I'd like an exact copy of only the lines from the start of the listing below through the line that holds "フィギュアスケート関連番組放送予定⛸️". Please keep the pictures out.

▶ **Entries supplied**
#####

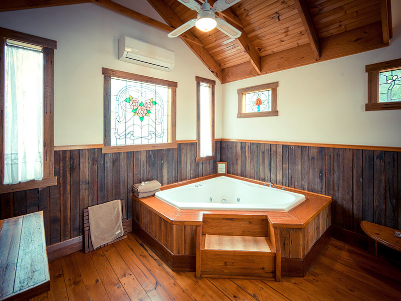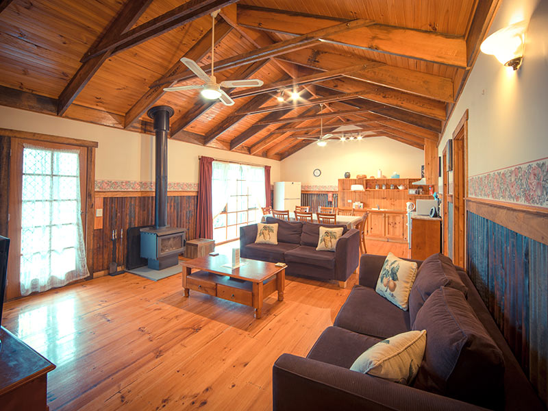 Sanctuary Park Cottages provide accommodation that is unique and private. We have 6 cottages on offer each suited for that unique getaway. The Loft is perfect for that romantic retreat for two, whilst our other cottages offer both two and three bedroom formats, beautifully set on the 20 acre property. Tastefully decorated in an Australian theme making use of natural woods and recycled materials, the Cottages are fully self contained and appointed with all essential facilities. Each cottage offers Queen size beds in all main bedrooms and single beds in the additional bedrooms. Luxurious spa baths, recycle air conditioning, fully equipped kitchens and laundries, large LED Tvs and DVD/CD players are all standard in each spacious cottage. And of course a fully functional wood fire for you cozy up on those cool nights is in each one of our lovely cottages.
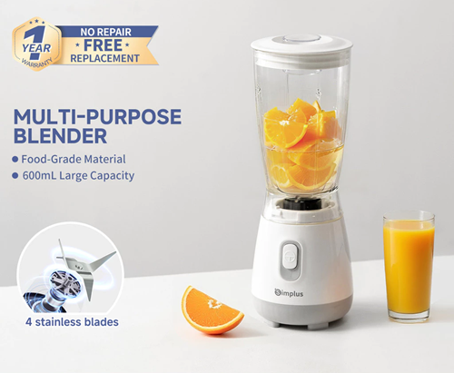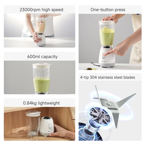 Simplus Food Processor/ Single Blender 600ML- White & Light Grey
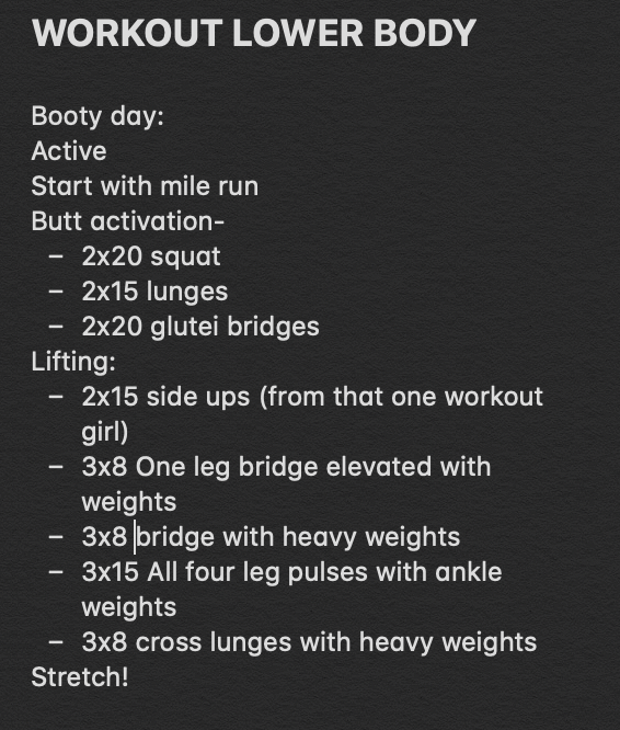 First, always come with a plan. VALLEY suggests writing a workout plan in your notes on your phone before coming to the gym. This way, you won’t be confused or waste time, and you can get in and get out having done the most efficient workout possible. Below is an example of what a workout plan would look like on your notes.
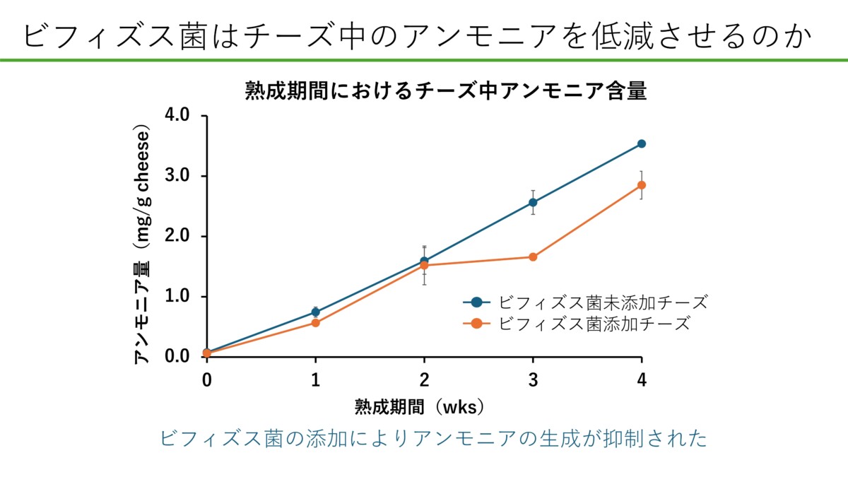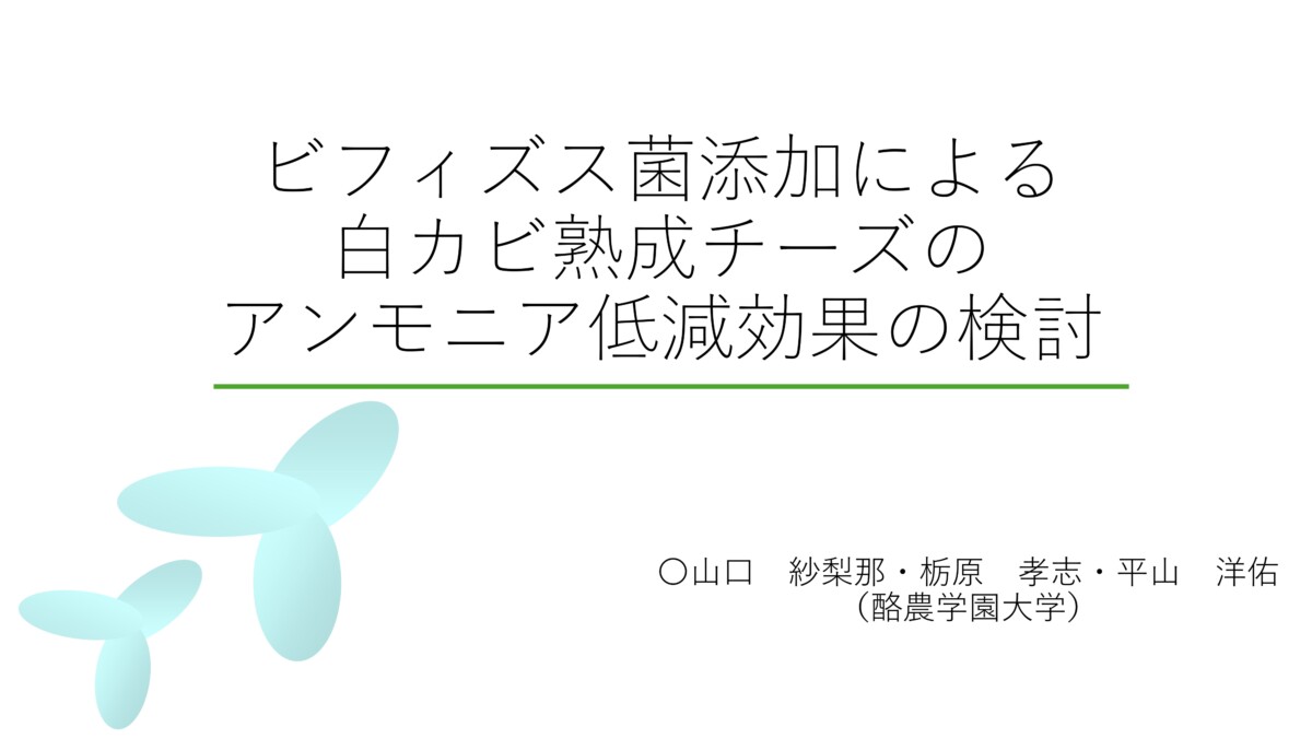 発表題名:ビフィズス菌添加による白カビ熟成チーズのアンモニア低減効果の検討
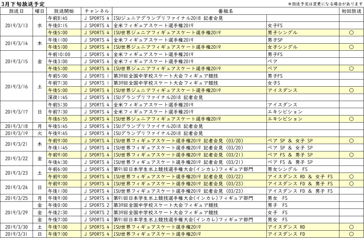 フィギュアスケート関連番組放送予定⛸️
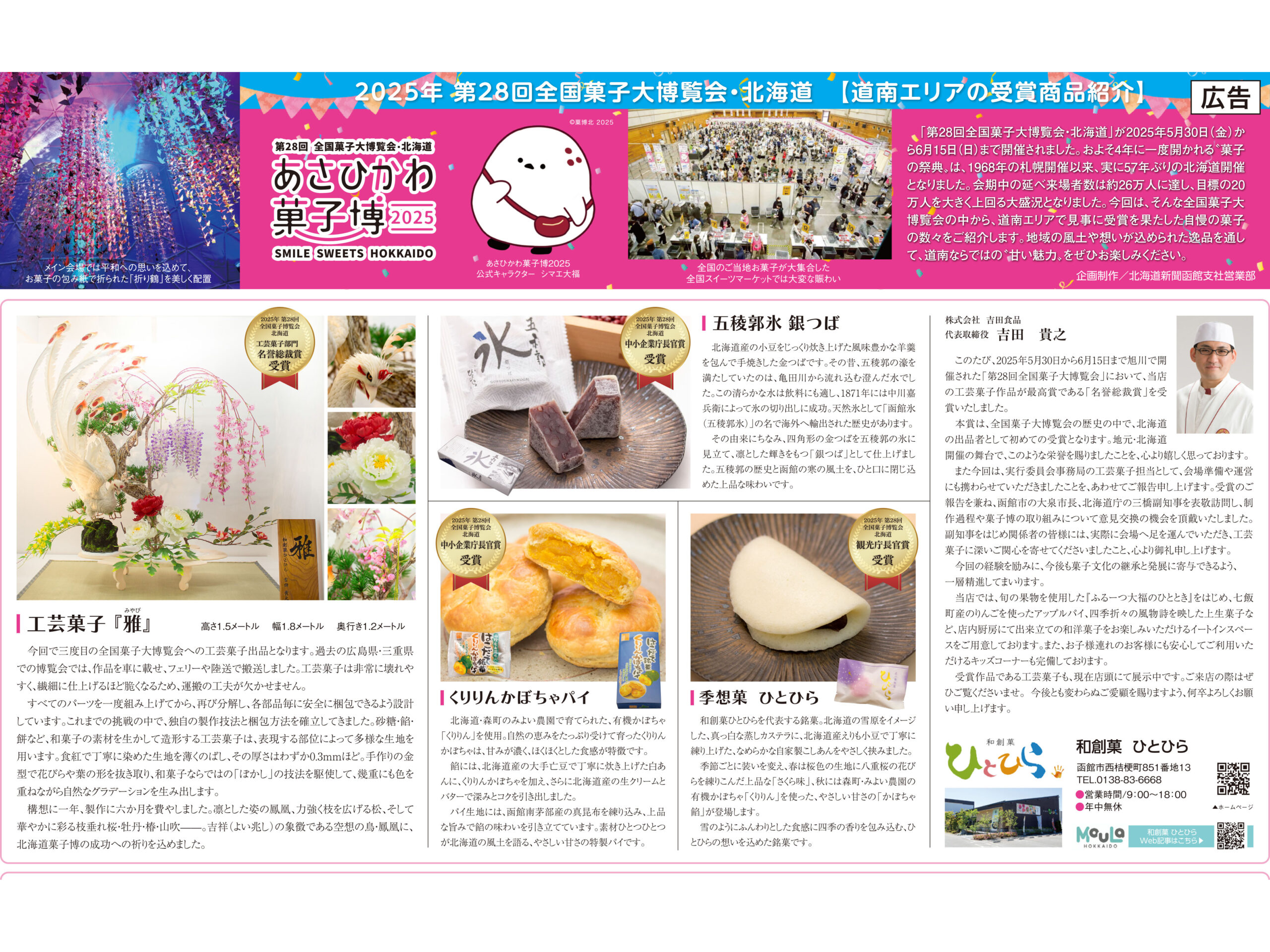 ALL イベント情報 お知らせ メディア掲載 カテゴリから選ぶ All イベント情報 お知らせ メディア掲載 2025年12月26日 新年の上生菓子と限定のセット お知らせ 2025年12月26日 口取り、のし餅、お正月向け商品の販売を開始いたします。 お知らせ 2025年12月08日 あさひかわ菓子博2025(12月6日北海道新聞掲載) お知らせ 2025年10月01日 営業時間変更のお知らせ お知らせ 2025年09月30日 ひとひらでは、工場の製造スタッフを募集しております。 メディア掲載 2025年09月10日 全国菓子大博覧会受賞のご報告と受賞商品特別販売について お知らせ 2025年09月05日 8月6日北海道新聞に掲載されました お知らせ 2025年07月29日 全国菓子研究団体連合会 技術コンテストにて 今福さんが上生菓子部門でグランプリを受賞 お知らせ 2025年07月29日 おいしい函館 函館「食」ニュースに紹介されました お知らせ 2025年07月26日 函館市長 表敬訪問のご報告 お知らせ 2025年06月05日 6月4日の北海道新聞道南版に掲載されました。 お知らせ 2025年06月05日 第28回全国菓子大博覧会・北海道(あさひかわ菓子博2025)にて出展した工芸菓子が最高賞の名誉総裁賞に選ばれました。 お知らせ 12...12 次へ
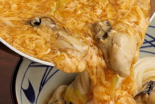 うどんは、釜から直接器に盛り付ける釜抜き麺でご提供いたします。水で締めない麺は、表面が毛羽だっており、だしがよくからみます。小麦がふわっと香る、打ち立て、茹でたてのうどんに、あつあつの玉子あんかけをたっぷりからめて、濃厚な牡蠣の旨みとともにご堪能ください。
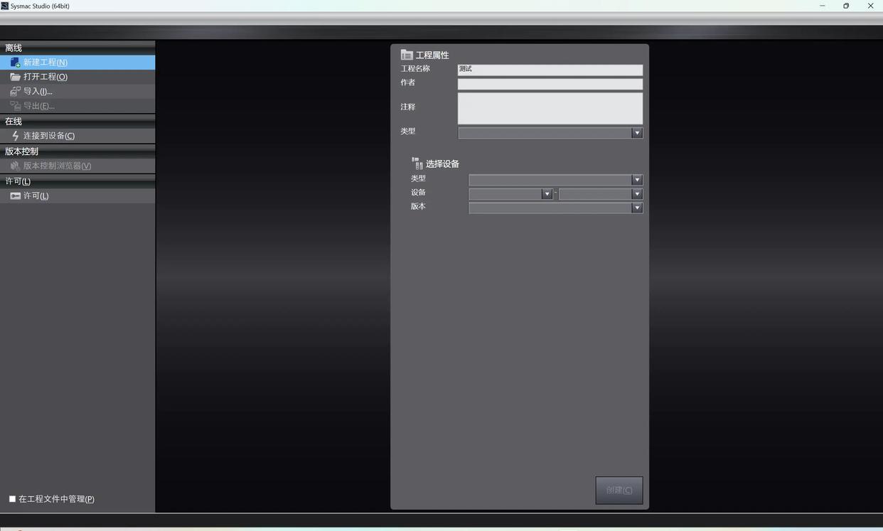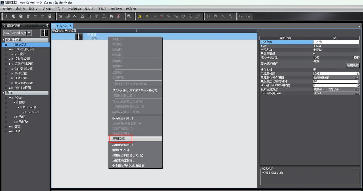 开启EtherCat主站软件,选定可编程逻辑控制器(PLC)后创建新的项目。
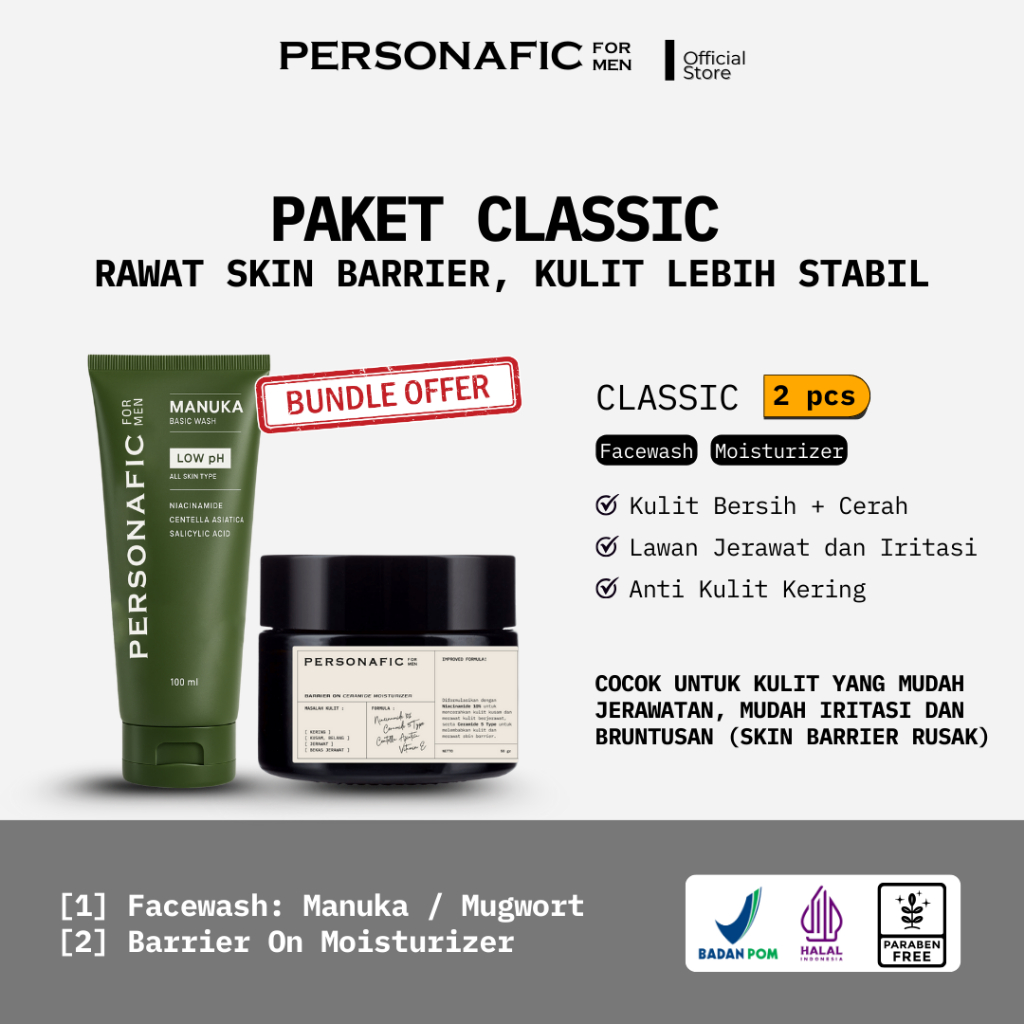 PERSONAFIC Classic Skin Barrier Kit 2-in-1 Face Wash Moisturizer Paket Perawatan Wajah Pria Kulit Kering dan Jerawat
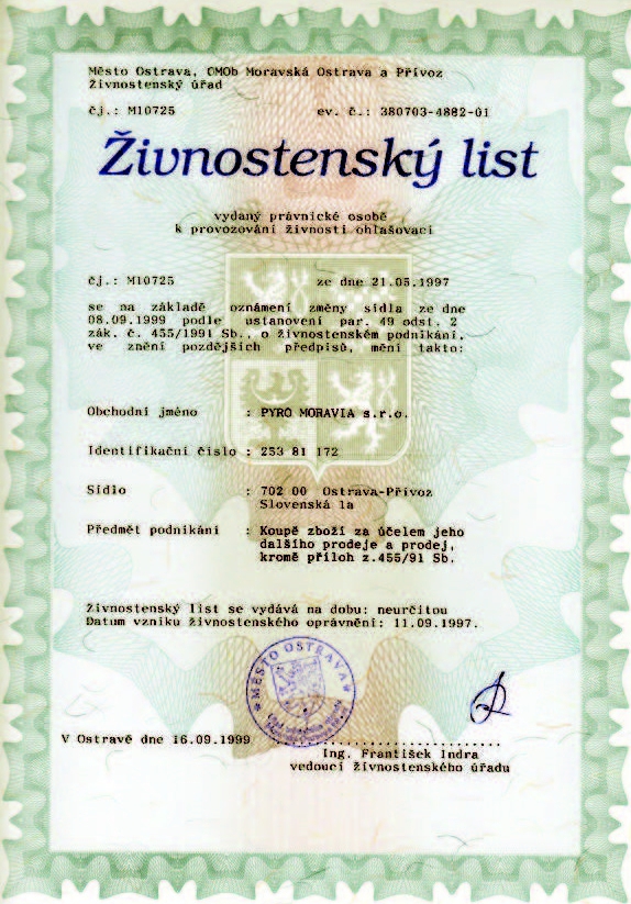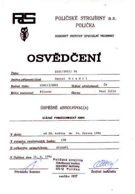 Z Evropy dovázíme mnoho speciálních výrobků, jak pro film, tak pro interiérové a denní ohňostroje. Na českém trhu zastupujeme jako jediní polský ohňostrojařský gigant - firmu Jorge s jeho výtečnými profi pyro-výrobky. V zimní sezóně se samozřejmě věnujeme prodeji zábavní pyrotechniky, u které Vám můzeme poskytnout zajímavé ceny a obchodní podmínky. Distribujeme rakety do plynových pistolí a vyrábíme plastové mozdíře, které máme v České republice patentovány. Samozřejmě, že dovážené výrobky necháváme průbězně certifikovat a ověřujeme jejich kvalitu na základě měrných listů.

#####

▶ **Task output**
 Sanctuary Park Cottages provide accommodation that is unique and private. We have 6 cottages on offer each suited for that unique getaway. The Loft is perfect for that romantic retreat for two, whilst our other cottages offer both two and three bedroom formats, beautifully set on the 20 acre property. Tastefully decorated in an Australian theme making use of natural woods and recycled materials, the Cottages are fully self contained and appointed with all essential facilities. Each cottage offers Queen size beds in all main bedrooms and single beds in the additional bedrooms. Luxurious spa baths, recycle air conditioning, fully equipped kitchens and laundries, large LED Tvs and DVD/CD players are all standard in each spacious cottage. And of course a fully functional wood fire for you cozy up on those cool nights is in each one of our lovely cottages.
 Simplus Food Processor/ Single Blender 600ML- White & Light Grey
 First, always come with a plan. VALLEY suggests writing a workout plan in your notes on your phone before coming to the gym. This way, you won’t be confused or waste time, and you can get in and get out having done the most efficient workout possible. Below is an example of what a workout plan would look like on your notes.
 発表題名:ビフィズス菌添加による白カビ熟成チーズのアンモニア低減効果の検討
 フィギュアスケート関連番組放送予定⛸️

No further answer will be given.